What you have to do.
Reproduce the entries word for word but drop every picture.

--- Supplied records Enclosed Below ---

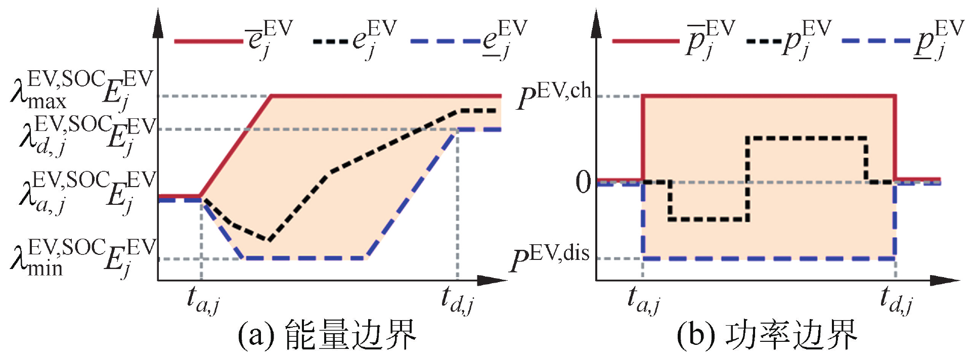 | 图1 考虑车网互动的单体EV能量及功率边界 |
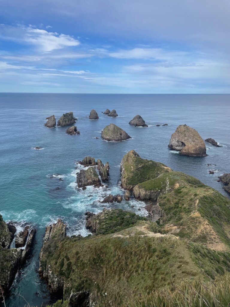 As we neared Nugget Point, we started driving right next to the ocean. I kept my eyes peeled for seals and sea lions, but didn’t see any. We got to the parking lot and began the hike. The area was so gorgeous. It was a tall peninsula reaching out to the sea. We walked down the middle of the peninsula and had ocean on either side of us. The views were surreal.
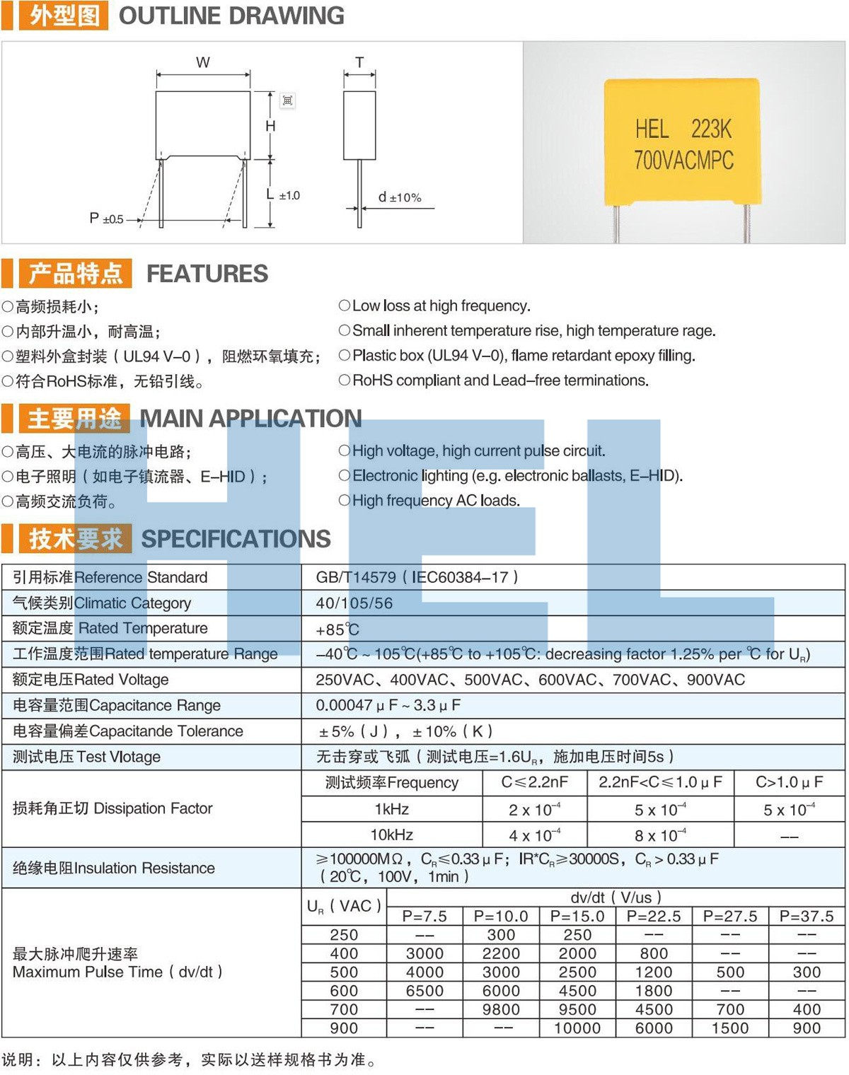 MPC 105℃塑料外盒金屬化聚丙烯薄膜電容器(MKP23)
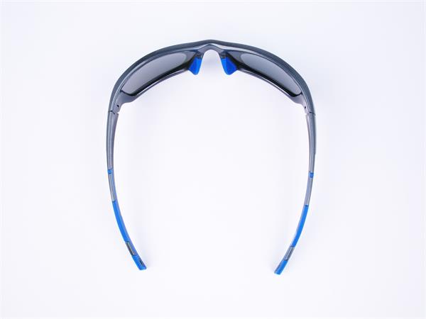 Sportnapszemüveg füstszínű polarizált lencsével, szürke műanyag kerettel.
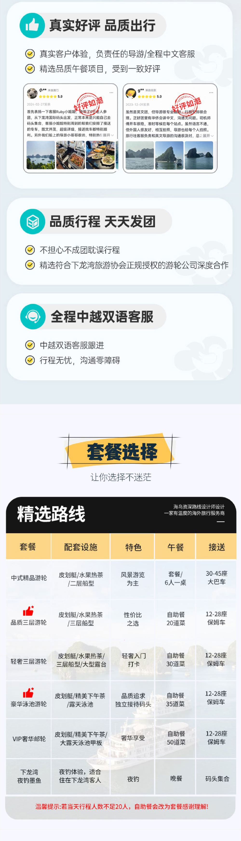 Attenzione!! Tranne che per le crociere di lusso in stile cinese, se il numero di partecipanti agli altri pacchetti non raggiunge le 20 persone nello stesso giorno, il buffet verrà sostituito con un pacchetto. Ci scusiamo per l'inconveniente.
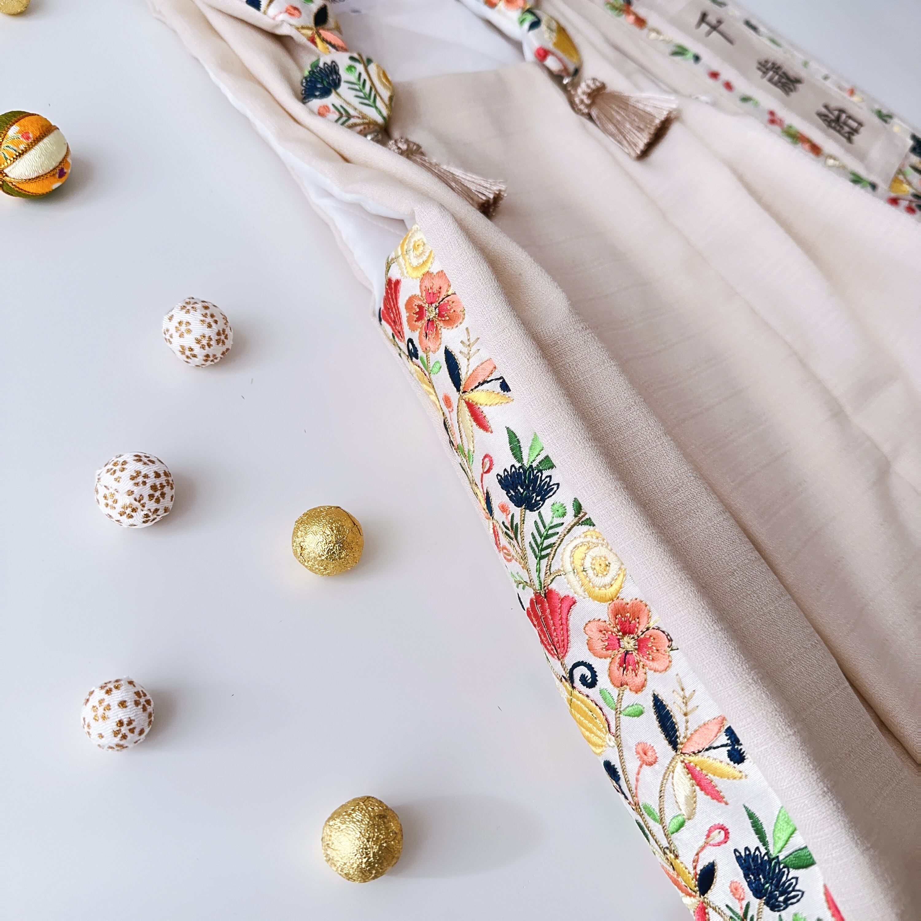 脇まちと衿と被布飾りに刺繍リボンを使った華やかなデザインが、お子様の晴れの日を彩ります。
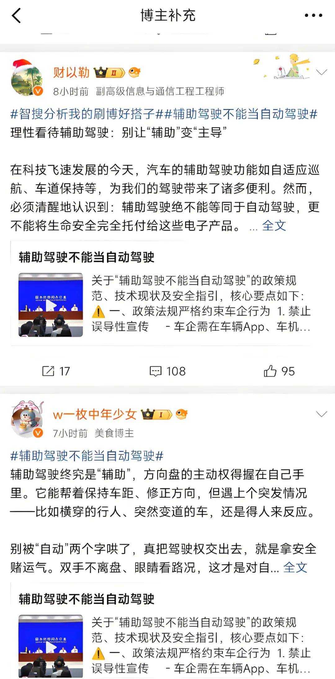 **值得注意的,是微博智搜的信源引用數量。除了權威媒體對事件本身的公開報道以外,微博還引用了數十條相關博文用於分析輔助駕駛的技術等細節。**這些內容來源包括輔助駕駛領域其他話題的媒體報道、大V博主的相關博文、交通監管部門的提醒公告等。同時在搜索結果末尾,微博智搜附上了博主補充解讀。

--- End of Enclosed Supplied records ---

Reply to the exercise.
 | 图1 考虑车网互动的单体EV能量及功率边界 |
 As we neared Nugget Point, we started driving right next to the ocean. I kept my eyes peeled for seals and sea lions, but didn’t see any. We got to the parking lot and began the hike. The area was so gorgeous. It was a tall peninsula reaching out to the sea. We walked down the middle of the peninsula and had ocean on either side of us. The views were surreal.
 MPC 105℃塑料外盒金屬化聚丙烯薄膜電容器(MKP23)
 Sportnapszemüveg füstszínű polarizált lencsével, szürke műanyag kerettel.
 Attenzione!! Tranne che per le crociere di lusso in stile cinese, se il numero di partecipanti agli altri pacchetti non raggiunge le 20 persone nello stesso giorno, il buffet verrà sostituito con un pacchetto. Ci scusiamo per l'inconveniente.
 脇まちと衿と被布飾りに刺繍リボンを使った華やかなデザインが、お子様の晴れの日を彩ります。
 **值得注意的,是微博智搜的信源引用數量。除了權威媒體對事件本身的公開報道以外,微博還引用了數十條相關博文用於分析輔助駕駛的技術等細節。**這些內容來源包括輔助駕駛領域其他話題的媒體報道、大V博主的相關博文、交通監管部門的提醒公告等。同時在搜索結果末尾,微博智搜附上了博主補充解讀。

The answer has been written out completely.